Азан Иоаннис оставался бесстрастным.
— Не надейся обмануть меня притворством, — произнес он холодно. — Я приказываю тебе указать мне убежище мятежника.
— Я могу и не послушаться этого приказания, — воскликнула Беатриче. — Не надейся, чтобы я выдала когда бы то ни было своего брата! Я сейчас не знаю, где он скрывается, но если бы и знала, то все-таки не доверила эту тайну тебе — бывшему лакею Бартоломео ди Понте.
— Клянусь, что я подвергну тебя пытке, если ты будешь сопротивляться, — проревел взбешенный Иоаннис.
— А вы уж успели стать и палачом, синьор Азан! — воскликнула со смехом Беатриче. — Право, вы делаете быстрые успехи во всем, конечно, за исключением чести. У вас ежедневно прибавляются новые достоинства и преимущества. Вы устраиваете соколиные охоты не хуже любого принца. Вы имеете сбиров, чтобы пытать людей — чуть ли не детей, не оказывающих вам слепого повиновения… Это все делается, конечно, из подражания тиранам, на которых вы насмотрелись в Константинополе. Но свободному венецианскому народу могут и не понравиться такие милые привычки.

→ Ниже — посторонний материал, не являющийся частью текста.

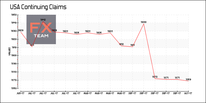 Число повторных заявок на получение пособия по безработице за неделю к 7 октября снизилось на 16 000 до 1 888 000, при прогнозе 1 900 000. Предыдущее значение было пересмотрено в большую сторону на 15 000, с 1 889 000 до 1 904 000.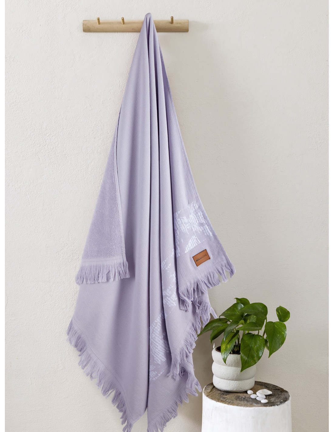 Η βαμβακερή πετσέτα θαλάσσης - πεστεμάλ Hula έχει υπέροχη μαλακή υφή και είναι πολύ εύκαμπτη, δίνοντας την δυνατότητα να φορεθεί και σαν παρεό. Η jacquard φάσα στο τελείωμά της διαθέτει ένα abstract μοτίβο, που της δίνει ένα ανάλαφρο και μοντέρνο ύφος. Διακριτικά κρόσσια στο τελείωμά της, δίνουν κίνηση και ταιριάζουν άψογα με την φυσική της υφή και το στιλ της. Το λιλά χρώμα της είναι χαρούμενο και φωτεινό, αγαπημένο για τις ξέγνοιαστες στιγμές στην παραλία. Είναι μια πετσέτα εξαιρετικά απαλή και απορροφητική, ιδανική για να προσφέρει στις καλοκαιρινές σας αποδράσεις άνεση και στυλ!

Толпа одобрила эти слова громкими рукоплесканиями, и Иоаннис понял, что ему пора продолжать путь, но в это время он увидел возвращающегося Доминико, на лице которого выражалась живейшая радость. Сборщик притворился, что не заметил этой радости, и повернулся к стоявшему поблизости продавцу овощей. Доминико подошел к маленькой торговке и шепнул ей:
— Далмат сказал правду — Орселли действительно убежал. — Он скрывается невдалеке отсюда и не даст тебя больше в обиду…
Но едва гондольер успел произнести последнее слово, как был схвачен сбирами и связан по рукам веревкой. В тот же миг над его ухом раздался насмешливый голос Азана.
— Кто укрывает у себя беглецов или не выдает их, обвиняется в мятеже и наказывается немедленно по закону, — произнес он. — Если ты, зная убежище Орселли, не укажешь его нам, то будешь отправлен на галеры вместо него. Если Беатриче откажется помочь нашему розыску, она будет продана в рабство, а на вырученные за нее деньги мы наймем человека, который мог бы лучше Орселли владеть оружием.
— Перестаньте говорить вздор, — перебила гордо Беатриче. — Разве свободная венецианка может стать невольницей? Нет, почтеннейший Азан, вы опять злоупотребляете именем дожа и именем сената. Венецианских жен и дочерей нельзя продавать, как скот или товар.
— А! Ты не веришь мне! — воскликнул далмат. — Ты, очевидно, забыла, что мятежники считаются смертельными врагами республики, которых следует уничтожать для ее же блага… Антонио, — обратился он к одному из сбиров, — прочтите декрет сената относительно непокорных граждан, к которому приложена печать нашего светлейшего дожа Виталя Микели.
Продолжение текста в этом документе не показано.